Histoire
juin 30, 2026
Paloma Valencia se reúne con María Corina Machado en Panamá
La candidata presidencial colombiana Paloma Valencia se reunió en Panamá con la líder opositora venezolana María Corina Machado, quien expresó su apoyo a Valencia. Ambas políticas reafirmaron su compromiso con la defensa de la democracia y la libertad en la región.
La foto de tres mujeres en un salón de hotel en Panamá se ha convertido en el nuevo campo de batalla simbólico de la política colombiana: ¿gesto de defensa democrática regional o simple marketing de campaña a una semana de las urnas?
El relato oficialista: drama regional y voto del miedo
Desde medios cercanos al Gobierno se subraya el carácter electoral del encuentro entre Paloma Valencia y María Corina Machado. Se enfatiza que la propia campaña uribista ligó la reunión a un “momento decisivo” para Colombia y Venezuela y a la amenaza de que el país termine “como Venezuela”.1 Esa narrativa, señalan, le sirve a Valencia para encajar su candidatura en la idea de “resistencia democrática” frente al populismo y al fantasma del chavismo.
Además, se resalta la fuerte carga simbólica de llevar a María Claudia Tarazona, viuda de Miguel Uribe Turbay, asesinado tras un atentado, como recordatorio de los temas de seguridad, institucionalidad y orden público en el cierre de campaña.1
La oposición de derecha: épica liberal y “no repetir Venezuela”
En la orilla opositora de derecha, el encuentro se vende como un manifiesto democrático transnacional. Valencia lo resumió como “Tres mujeres. Una sola convicción: defender la democracia y rescatar la libertad”, en un espacio pensado para “que Colombia no repita la historia de Venezuela”.2
En otro acto, la candidata fue más frontal: “No vamos a caer en el abismo hondo por el que se fue Venezuela, vamos a luchar por nuestra democracia, por nuestra libertad”, mientras Machado insistía en que la lucha es “por nuestros hijos para que puedan tener naciones llenas de oportunidades”.3
El mensaje se refuerza con la proyección regional de Machado, presentada como “la más reciente Premio Nobel de Paz” y figura continental, cuyo respaldo se suma al del exsecretario general de la OEA, Luis Almagro, y a un amplio mapa de “pesos pesados” nacionales en torno a Valencia.4
En paralelo, el discurso de Machado sobre la unidad —“aquí nos necesitamos todos”

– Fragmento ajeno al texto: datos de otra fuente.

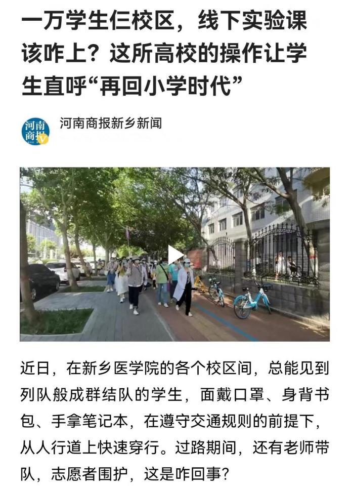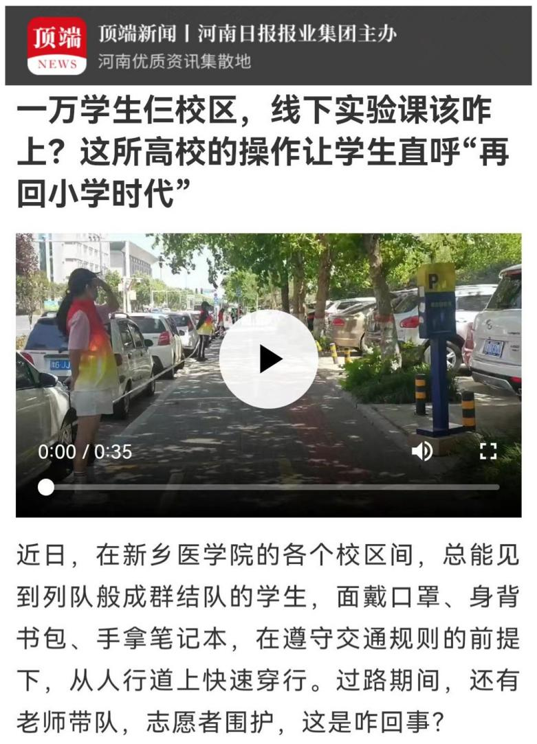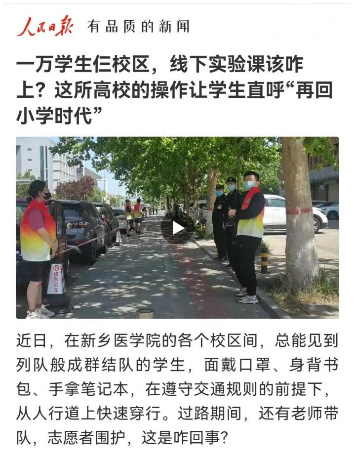 近段时间,我校因开展线下实验课教学,万余名学子需在三个校区间穿行,为保障安全,四百余名老师及志愿者带队、围护,浩浩荡荡且秩序井然,充分体现学校教学质量与学子安全两手抓两手都要硬的责任担当。多家媒体以文图、视频等形式进行报道。(供稿:刘天庆)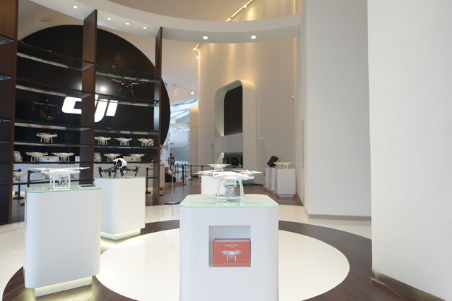 Площадь магазина, который называют «флагманским» (flagship store) составляет 800 квадратных метров, он расположен в Шэньчжене, городе в провинции Гуандун на юге Китайской Народной Республики. Там же находится и штаб-квартира компании. В магазине потенциальные покупатели могут не только посмотреть на дроны и потрогать их, но и самостоятельно попробовать их в полете.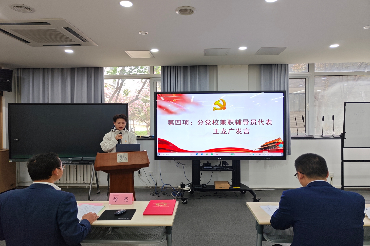 学院党委委员徐亮为分党校兼职辅导员颁发聘书,对他们在培训工作中的辛勤付出表示充分的肯定和衷心的感谢。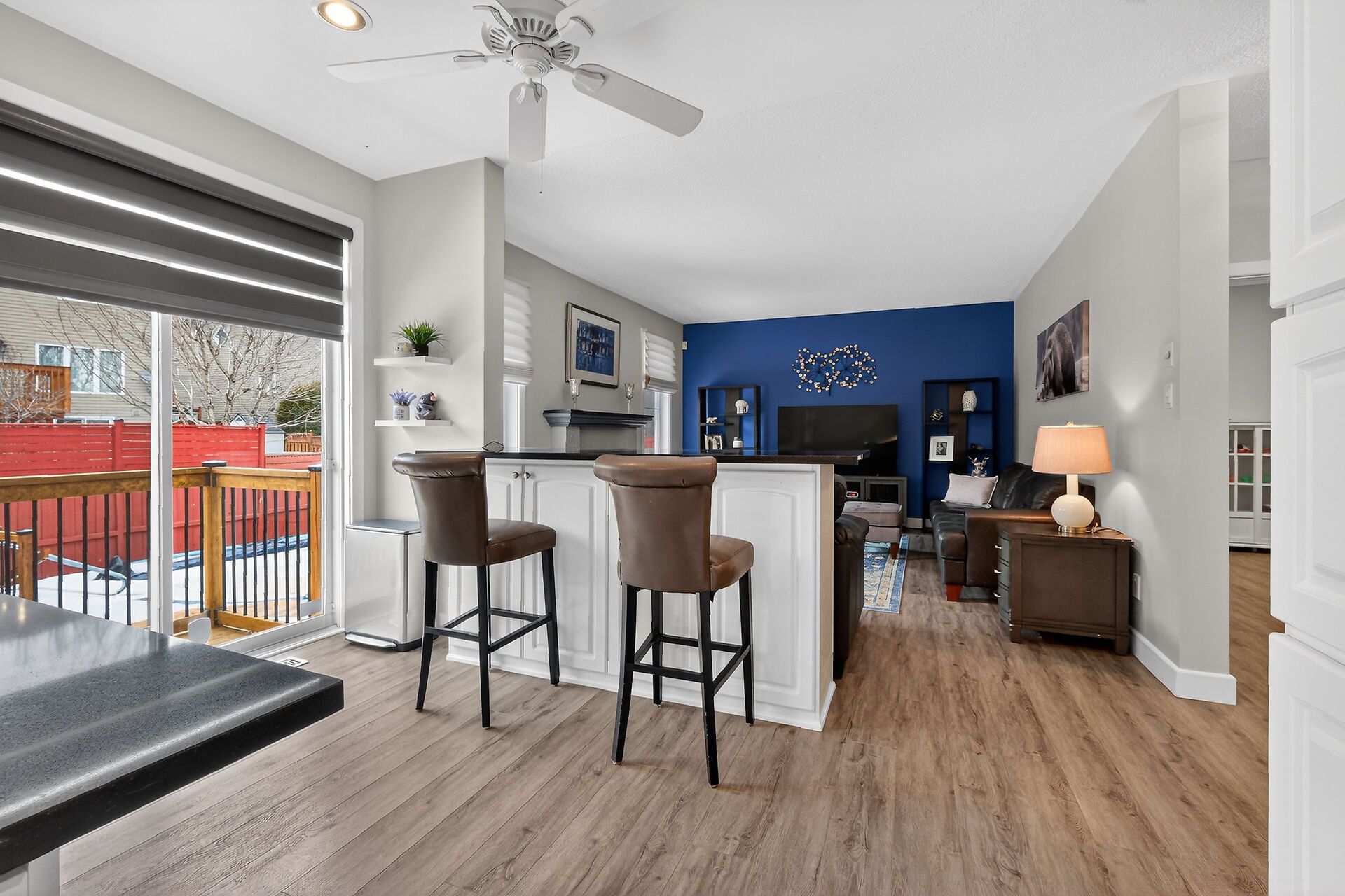 • Cozy family room with a gas fireplace for warmth.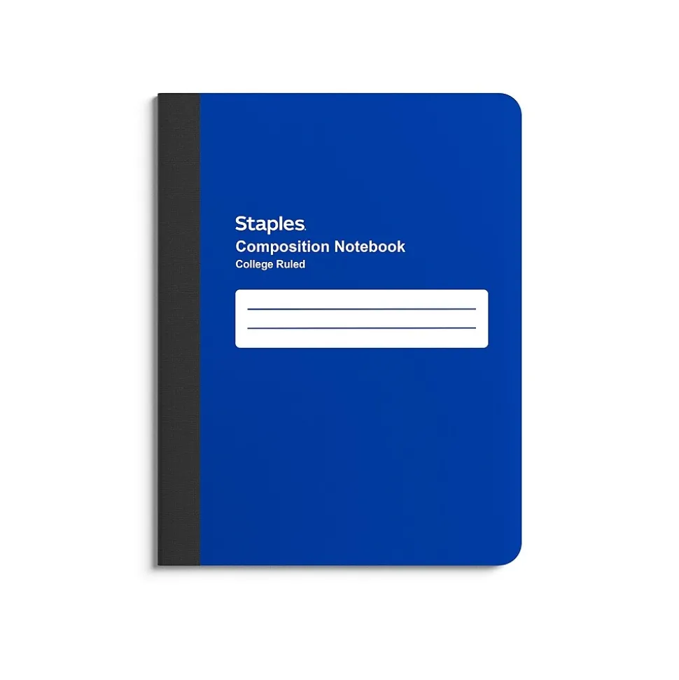 Keep notes in one convenient place with this college-ruled composition notebook. A blue poly cover offers durable protection for long-lasting use, while the center stitching makes it permanently bound, preventing the loss of important pages. This Staples 7.5 x 9.75-inch blue poly composition notebook is college-ruled, giving you ample space to work.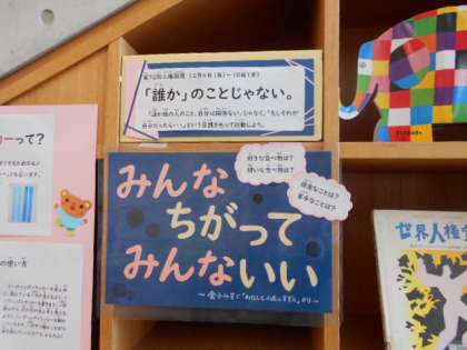 豊田小学校では、図書室に人権週間に向けて、豊田っ子に読んで欲しい本が展示されています。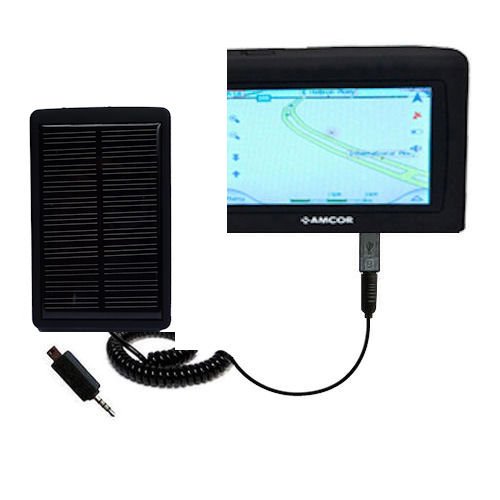 Solar Powered Rechargeable External Battery Pocket Charger for the Amcor 3900 - uses Gomadic TipExchange Technology Feature

5— se usa para maquillar fracturas internas de la derecha y disputas por el mismo voto conservador frente a figuras como Abelardo de la Espriella.4
El contraste: democracia, sí; modelo de país, no
Ambos relatos se envuelven en la misma bandera —democracia y libertad— pero con intenciones distintas: para el sector gubernamental, el encuentro es un recurso de campaña con alto contenido de miedo y espectáculo internacional; para la oposición de derecha, es la prueba de que su proyecto se alinea con la “resistencia” democrática que dicen encarnar líderes como Machado.
En lo único que coinciden todos es en que Colombia y Venezuela están en un cruce de caminos compartido. En lo que discrepan, y de fondo, es en qué significa exactamente evitar “ser Venezuela” y quién está realmente dispuesto a pagar el costo político de esa promesa.